Para verificar se a norma está a ser cumprida devemos então:
1. Calcular (em metros) a distância vencida pela passadeira (usando uma fita métrica ou caminhando com uma passada larga, de 1m).
2. Dividir essa medida por 0,4 (ou multiplicar por 2,5).
3. O resultado desse cálculo dá-nos (em segundos) o tempo de verde que o semáforo deve dar aos peões.
4. Cronometrar o tempo de verde que o semáforo de facto dá.
5. Comparar com o resultado do cálculo efectuado.
Impacto no tráfego
É frequente encontrar, pelo País, situações de incumprimento desta norma.
Também é frequente ouvir que o cumprimento desta norma prejudicaria a fluidez do tráfego (desconheço qualquer estudo publicado sobre esse impacto).
Como é óbvio, a cidade não pode deixar de pensar na circulação rodoviária. O que também não pode é sujeitar os peões às necessidades dos veículos. Tem de se conseguir um equilíbrio entre ambos.

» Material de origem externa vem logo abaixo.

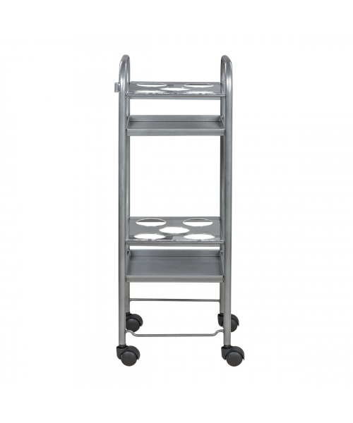 Парикмахерская тележка включает 2 полки, на которых предусмотрено по 5 отверстий для высоких флаконов. Верхние панели над полками съемные, поэтому данную модель можно использовать как обычную тележку. В конструкции нет боковых стенок, благодаря чему можно воспользоваться необходимыми средствами с любой стороны. Наличие вращающихся колес позволяет легко и плавно перемещать парикмахерское оборудование по рабочей зоне. Передвигая тележку, можно не переживать за напольное покрытие, так как колесики из пластика не повредят его.

E esta é uma medida de equilíbrio.
O que é um facto, e está profusamente estudado, é que uma parte crescente da população atravessa a rua com uma velocidade reduzida (idosos, por exemplo), e alguns não conseguem, sequer, “alcançar” a velocidade prevista nas normas. Não pode, por isso, falar-se numa exigência “exagerada” que beneficie poucos.
Para cumprir com esta exigência, poder-se-á manter o ciclo (reduzindo o tempo de passagem para os carros) ou aumentá-lo (o que implicará maior tempo de espera para o peão).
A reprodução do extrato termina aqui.